Oh man these guys are lucky that I'm spending 100 hours a week dealing with #COVID19 right now.

https://www.tandfonline.com/doi/pdf/10.1080/03075079.2020.1723533

(retweeting b/c original tweet was deleted)
While I don't have the time to spend on this, there are so many things that could conceivably be wrong with this.

1. For starters, we know men self-cite ~60% more than women do. That helps substantially right there.
2. Citation rates vary hugely among fields and even subfields within fields. Women may be overrepresented in fields or subfields with lower citation rates. We've seen this sort of thing in previous analyses.
3. "The results show that at this point, and regardless of other potential differences in age, funding, number of children etc., female professors had, on average, lower levels of scholarly achievement than male professors. "

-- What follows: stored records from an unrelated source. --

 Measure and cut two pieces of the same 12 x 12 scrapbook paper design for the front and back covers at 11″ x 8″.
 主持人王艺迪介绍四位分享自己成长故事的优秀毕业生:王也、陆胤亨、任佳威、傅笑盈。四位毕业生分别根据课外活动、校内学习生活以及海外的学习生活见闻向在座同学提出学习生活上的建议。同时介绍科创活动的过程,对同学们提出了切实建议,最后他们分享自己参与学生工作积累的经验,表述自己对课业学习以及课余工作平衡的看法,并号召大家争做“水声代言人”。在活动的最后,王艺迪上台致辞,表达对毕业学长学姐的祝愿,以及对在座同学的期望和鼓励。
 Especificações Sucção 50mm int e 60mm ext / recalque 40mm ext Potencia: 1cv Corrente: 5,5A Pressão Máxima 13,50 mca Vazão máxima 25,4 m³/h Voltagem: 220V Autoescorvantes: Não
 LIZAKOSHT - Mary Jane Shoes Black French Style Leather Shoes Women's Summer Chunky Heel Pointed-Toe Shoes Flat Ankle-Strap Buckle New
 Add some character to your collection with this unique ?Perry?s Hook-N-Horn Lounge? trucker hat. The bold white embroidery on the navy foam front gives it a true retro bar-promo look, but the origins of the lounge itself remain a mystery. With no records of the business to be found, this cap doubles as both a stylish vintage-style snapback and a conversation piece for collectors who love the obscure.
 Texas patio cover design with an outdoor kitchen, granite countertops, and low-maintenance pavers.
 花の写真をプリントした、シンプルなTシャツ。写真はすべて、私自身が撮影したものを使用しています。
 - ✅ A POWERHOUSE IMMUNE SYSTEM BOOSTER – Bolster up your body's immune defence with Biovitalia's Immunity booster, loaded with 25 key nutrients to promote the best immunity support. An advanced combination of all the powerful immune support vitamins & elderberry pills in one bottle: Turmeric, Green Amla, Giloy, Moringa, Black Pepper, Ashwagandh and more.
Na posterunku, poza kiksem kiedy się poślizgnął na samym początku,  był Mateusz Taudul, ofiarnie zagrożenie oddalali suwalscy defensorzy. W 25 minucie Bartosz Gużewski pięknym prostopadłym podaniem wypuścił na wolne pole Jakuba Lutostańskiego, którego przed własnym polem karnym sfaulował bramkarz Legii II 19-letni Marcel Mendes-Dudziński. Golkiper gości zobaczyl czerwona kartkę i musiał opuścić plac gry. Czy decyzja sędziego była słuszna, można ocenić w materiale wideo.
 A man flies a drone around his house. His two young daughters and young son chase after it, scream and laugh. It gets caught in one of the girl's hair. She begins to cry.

No, they had fewer papers and citations.
4. In the replies to the original thread, @lorakolodny mades a critical point: https://twitter.com/lorakolodny/status/1248076210233470978
Yes, absolutely! Otherwise you can't conclude that a higher mean for males implies a higher bar for males. Do the authors address this?

I'm not saying that this particular problem occurs in these data, but here is the sort of thing that can go wrong.
In this diagram, men and women have the same modal number of citations. The citation distribution for men has a longer right tail, for any number of reasons. Promoted men have a higher mean number of citations than promoted women.

But the bar is higher for women than for men!
If you look at un-promoted or those who are denied promotion, you could pick this up. Unpromoted men have a *lower* mean that unpromoted women in this diagram.

Again, not saying this has happened in the data. Just saying that a higher mean does not imply a higher bar.
I could go on, but in fairness to the authors I'm putting these out there as potential pitfalls rather than certain mistakes.

Someone else is going to do the heavy lifting on this one.

(Probably a woman, given the way academia seems to work. It's OK; I'll get the credit. /s)
But finally, FFS, if you are telling sex (rather than gender) from names and pictures, you're doing it wrong.
Bonus: The acknowledgments show a stunning lack of self-awareness. Rarely do people so blatantly out themselves as Dunning-Kruger victims.